Multi-scale optical sensor systems help to overcome the area of conflict between resolution, field size, and inspection time if it comes to the frequent problem of detecting small defects on large areas. The sensors of such systems are chosen according to two main properties: On the one hand, they should measure in opposed scales; on the other hand, their measurement principles should vary as well in order to be suitable for different material and surface properties. However, these systems can only operate at full capacity if it is possible to unify the acquired data from each sensor into one common coordinate system such that an overall analysis is possible, or subsequent sub-measurements can be triggered. In this paper, a general approach for a common sensor referencing is proposed, whose focus lies on microscopic optical sensors for both scattering and reflecting surfaces. The method is able to handle resolutions from the nanometer to millimeter scale in one single system, but is also feasible for a coordinate unification across several single sensor systems.

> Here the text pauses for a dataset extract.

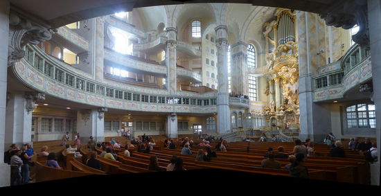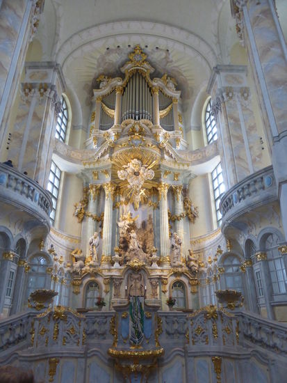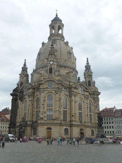 Meine Frau Ulrike nimmt den Schirm mit; das ist ein gutes Zeichen, denn in der Innenstadt von Dresden kommt zeitweise sogar die Sonne zum Vorschein. Wir können uns noch erinnern an unseren DDR-Besuch als die Frauenkirche ein eingezäunter Trümmerhaufen war. Jetzt ist sie vollständig wieder aufgebaut und innen prächtig ausgestaltet.

Keywords: coordinate unification; multi-scale measurement system; sensor fusion; sensor referencing
PACS: 00.06; 00.07; 40.42

About the authors

Marc Gronle

Marc Gronle received his Diploma in Mechatronics from the University of Stuttgart in 2011. Since Mai 2011 he is employed at the Institute of Applied Optics (ITO) at University of Stuttgart as research assistant. From October 2014 on, he is heading the group of 3D metrology. His research work is focused on multi-sensor optical systems, 3D view and automatic measurement planning as well as sensor technologies and image processing for 3D metrology. Furthermore, he is leading the development team for the open source lab automation and measurement software itom.

Wolfgang Osten

Wolfgang Osten received the Diploma in Physics from the Friedrich-Schiller-University Jena in 1979 and in 1983 the PhD degree from the Martin-Luther-University Halle-Wittenberg for his thesis in the field of holographic interferometry. From 1984 to 1991 he was employed at the Central Institute of Cybernetics and Information Processes in Berlin making investigations in digital image processing and computer vision. In 1991 he joined the Bremen Institute of Applied Beam Technology (BIAS) to establish the Department Optical 3D-Metrology. Since September 2002 he has been a full professor at the University of Stuttgart and director of the Institute for Applied Optics. His research work is focused on new concepts for industrial inspection and metrology by combining modern principles of optical metrology, sensor technology and image processing. Special attention is directed to the development of resolution enhanced technologies for the investigation of micro and nano structures.

Acknowledgments

The authors would like to thank L. Fu (Institut für Technische Optik, Univ. Stuttgart) for the preparation of the cross structure in the reference specimen. Further, we would like to extend our thanks to Prof. Sawodny et al. (Institut für Systemdynamik, Univ. Stuttgart) for their good and fruitful cooperation in the joint research field of precise multi-axis inspection machines.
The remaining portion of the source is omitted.